Changing bit depth (bits per pixel) for images / masks

FlorinAndrei · September 10, 2022, 3:38am

Building a segmentation model with Unet / ResNet. This is my dataloader so far:

def src_get_label(fn):
    label_name = src_dataset / "GT" / f"{fn.stem}_GT.png"
    return label_name

src_datablock = DataBlock(
    blocks=(ImageBlock, MaskBlock),
    get_items=get_image_files,
    get_y=src_get_label,
    splitter=RandomSplitter(seed=42),
    item_tfms=Resize(size=input_image_size, method="squish"),
    batch_tfms=aug_transforms(),
)

src_dataloader = src_datablock.dataloaders(
    src_dataset / "original", path=src_dataset, bs=src_batch_size
)

The problem is this: the mask files, depending on the dataset, might be in weird formats. Sometimes they are 1 bit per pixel (1 BPP). I can’t always convert them offline to 8 BPP monochrome, which is what the masks in most of my datasets are. In some cases they are 24 BPP full color (RGB).

Same problem, but to a lesser extent, with the actual image files (not masks).

I would like to add processing to the dataloader to convert all images and all masks on the fly to 8 BPP monochrome, which is the format I encounter most often.

Are there any examples showing on the fly image and mask processing where the internal representation of the pixels is changed after the files are loaded but before they are presented to the model?

I’m pretty sure I could handle format detection on the fly, etc, I just need to see how I could approach image file processing in the dataloader.

benkarr · September 10, 2022, 6:18am

That’s one of the best parts about fastai: you have an entrypoint to customize stuff at almost every step in the process. If I understand you correctly you should have a closer look at item_tfms. Functions added here are applied to every instance after they got loaded as an (PIL.)Image, but before they get batched. Check out this tutorial which should demonstrate something similar to what you want to do.

FlorinAndrei · September 13, 2022, 12:57am

From your explanation here…

…it sounds like I could also do the mask processing in get_y in the DataBlock, since the stuff that passes through there could be an np.array.

Case in point, right now I build a Pandas dataframe with columns containing:

paths to image files
lists of paths to mask files
dataset name (for stratification if I train on multiple datasets at once)

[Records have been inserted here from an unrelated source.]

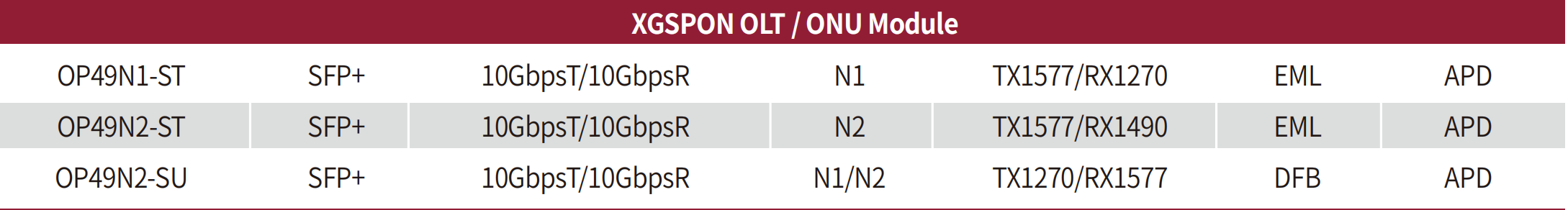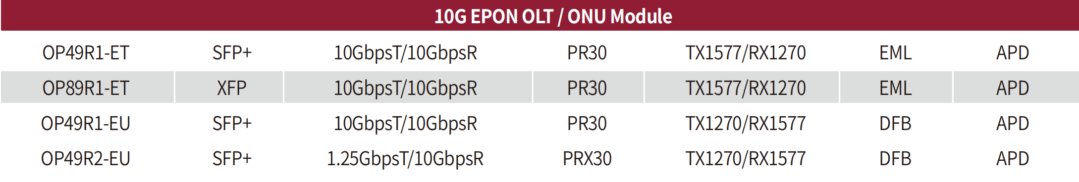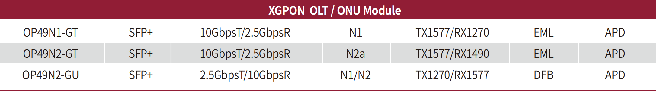 • EPON/GPON/10G EPON/XGPON/XGSPON/Combo PON select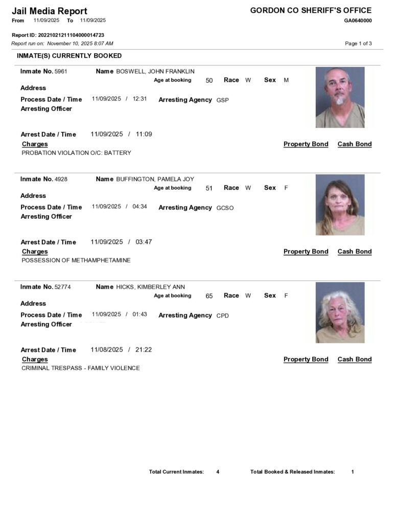 HomeArrest ReportsGordon County Arrest Report 11/10/2025Gordon County Arrest Report 11/10/2025Mon, November 10, 2025SHARE NOW ×❮❯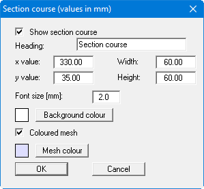 The position of the legend can be defined and edited using the values "x" and "y", "Width" and "Height". You can edit the font size of the entered heading and the colour of the background. The triangular mesh in the sketch can be provided with a coloured background. The colour can be edited using the "Mesh colour" button if the "Coloured mesh" check box is activated.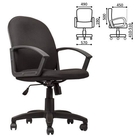 Кресло CROMEX Basic CH-698, с подлокотниками, мех. качания, сетка, черное, ткань TW, 533069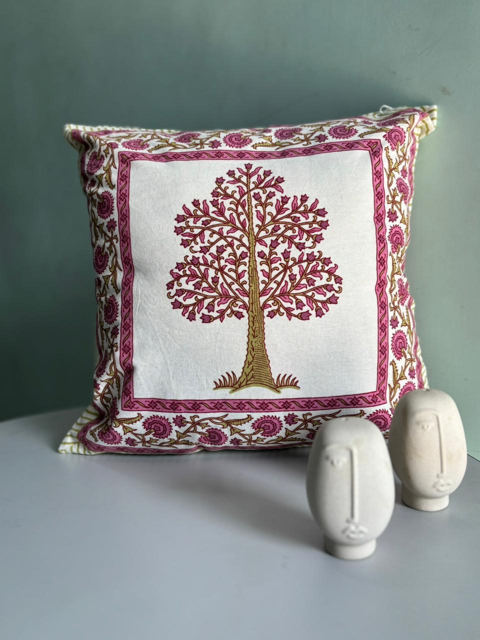 Embrace the lively spirit of Indian artistry with our Vibrant Magenta Blossom Cotton Cushion Covers. Each cover is a canvas, portraying a beautifully embroidered tree adorned with intricate floral motifs, celebrating nature's beauty. This artisan-crafted collection brings warmth and color to your living space, effortlessly harmonizing with various decor styles.

My DataBlock right now is:

def make_mask(row):
    f = ColReader("mask")
    # TODO: merge masks instead of random.choice()
    return random.choice(f(row))


src_datablock = DataBlock(
    blocks=(ImageBlock, MaskBlock),
    getters=[ColReader("image"), make_mask],
    splitter=TrainTestSplitter(stratify=src_df["dataset"].to_list(), random_state=42),
    item_tfms=Resize(size=input_image_size, method="squish"),
    batch_tfms=aug_transforms(),
)

If I understand your explanations in both threads correctly, then I could have a custom function in get_y which:

receives a list of paths to mask files (usually the list has just one item, occasionally has multiples)
grabs each file, converts it to np.array
if the format is not np.uint8 then converts it (the problem in this thread)
if there are multiple files, merge the masks (the problem in the other thread)
return the result to the DataBlock

I will try something along these lines.

FlorinAndrei · September 13, 2022, 1:09am

Or I could just modify make_mask() since it is called on the list of masks anyway, and it appears (???) to be equivalent with calling get_x and get_y separately.

FlorinAndrei · September 13, 2022, 3:48am

I have this and it appears to work:

def make_mask2(row):
    f = ColReader("mask")
    all_images = [np.asarray(PILMask.create(x)) for x in f(row)]
    image_stack = np.stack(all_images)
    image_union = np.amax(image_stack, axis=0)
    return PILMask.create(image_union)


src_datablock = DataBlock(
    blocks=(ImageBlock, MaskBlock),
    getters=[ColReader("image"), make_mask2],
    splitter=TrainTestSplitter(stratify=src_df["dataset"].to_list(), random_state=42),
    item_tfms=Resize(size=input_image_size, method="squish"),
    batch_tfms=aug_transforms(),
)

It collapses multiple masks into a single mask. It ensures a consistent 8 bits per pixel format for the masks. The part that ensures 8 BPP appears to be PILMask.create() (the default there seems to be 8 BPP).

The function is likely not optimal in terms of speed.

benkarr · September 22, 2022, 7:37am

Hey, that seems sensible to me
Regarding your concerne about speed, I don’t know if there is much potential, since you have to load every mask, merge them, make a “fastai/torch-object”…
Two things that you could check if it does make a difference is:
Get the list of masks without ColRead. I made this very quick comparison:
Screenshot from 2022-09-22 09-32-03
maybe thats worth a try.
The other idea would be to use parallelization to load the mask, but I don’t know enough about this to know if this actually makes sense (or point you in any further direction).